Task item
Given the entries below, would you transcribe exactly the lines starting at the one with "- 🎀 En matchande" and ending at the one with "Avec un portrait", both kept, pictures omitted, nothing extra?

Source data
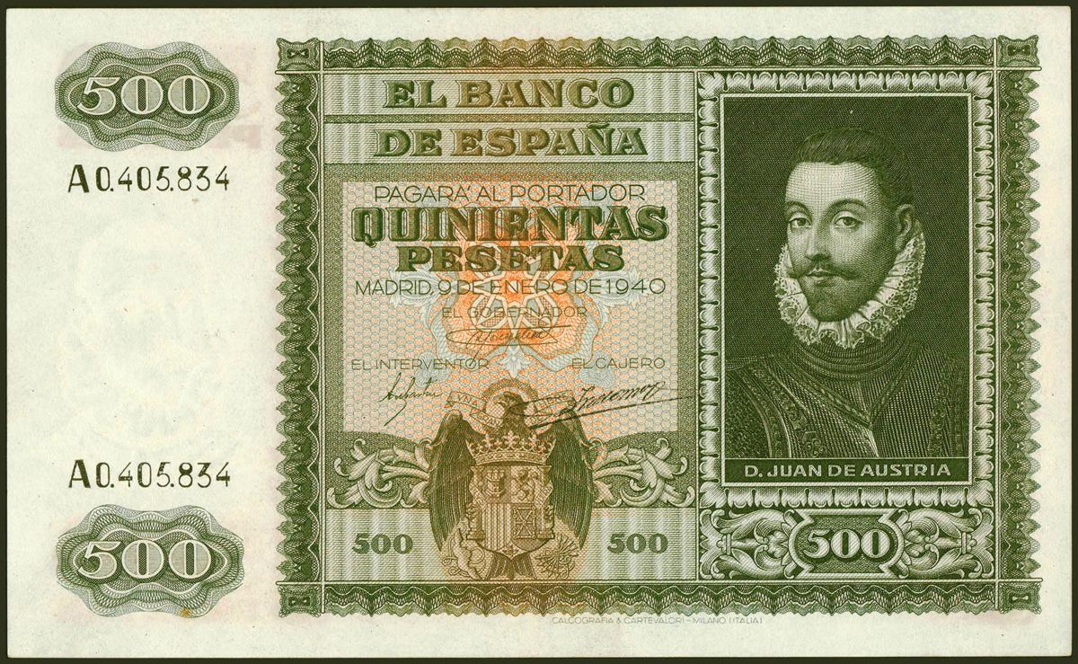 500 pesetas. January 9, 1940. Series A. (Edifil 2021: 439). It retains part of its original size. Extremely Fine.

* * *

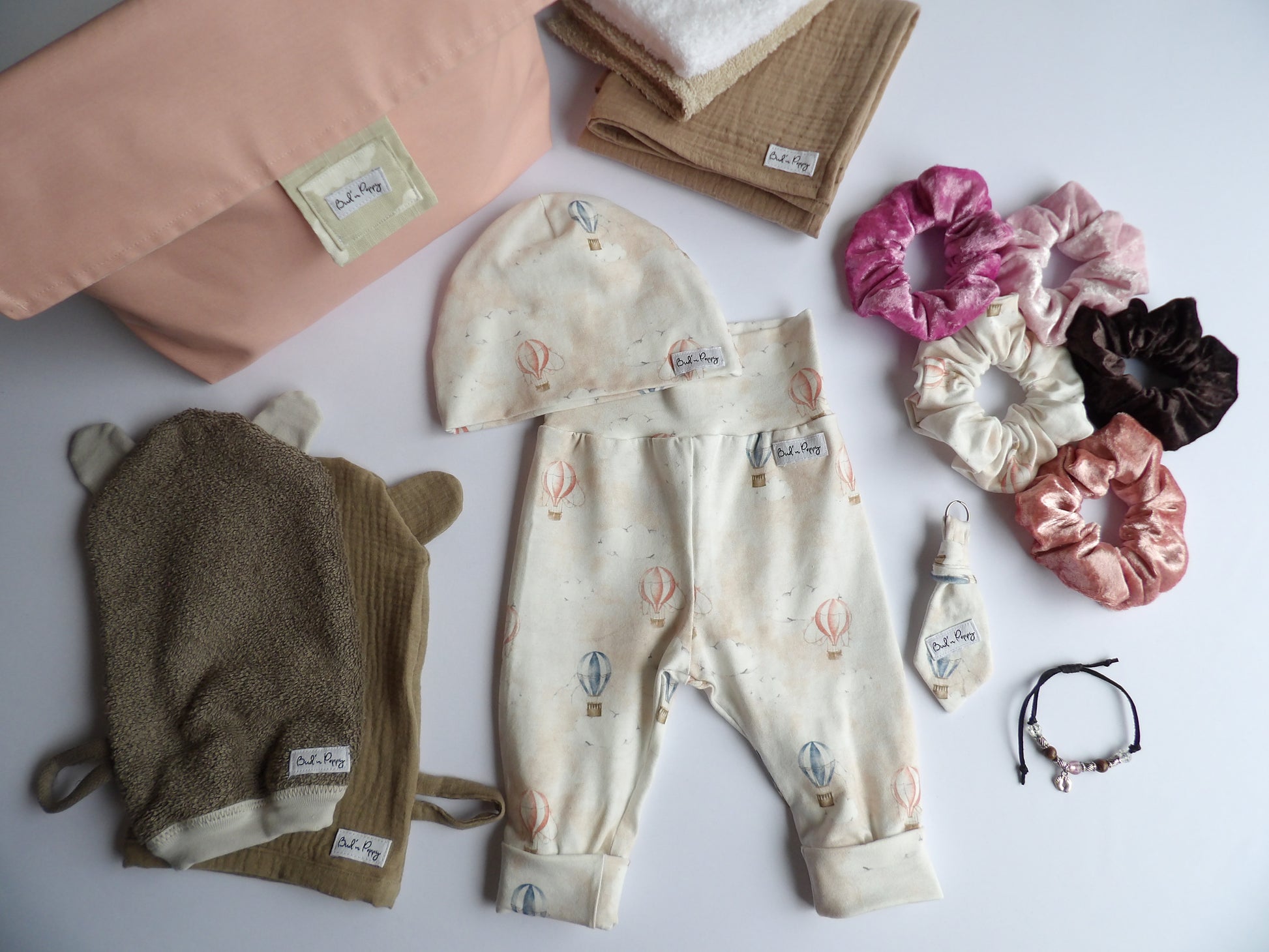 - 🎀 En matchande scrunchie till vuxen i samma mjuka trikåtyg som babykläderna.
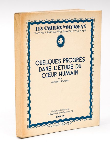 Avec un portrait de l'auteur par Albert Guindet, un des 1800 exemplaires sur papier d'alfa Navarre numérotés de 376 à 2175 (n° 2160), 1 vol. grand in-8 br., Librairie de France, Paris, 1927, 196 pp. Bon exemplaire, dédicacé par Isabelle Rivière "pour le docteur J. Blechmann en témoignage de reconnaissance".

Expected output
 - 🎀 En matchande scrunchie till vuxen i samma mjuka trikåtyg som babykläderna.
 Avec un portrait de l'auteur par Albert Guindet, un des 1800 exemplaires sur papier d'alfa Navarre numérotés de 376 à 2175 (n° 2160), 1 vol. grand in-8 br., Librairie de France, Paris, 1927, 196 pp. Bon exemplaire, dédicacé par Isabelle Rivière "pour le docteur J. Blechmann en témoignage de reconnaissance".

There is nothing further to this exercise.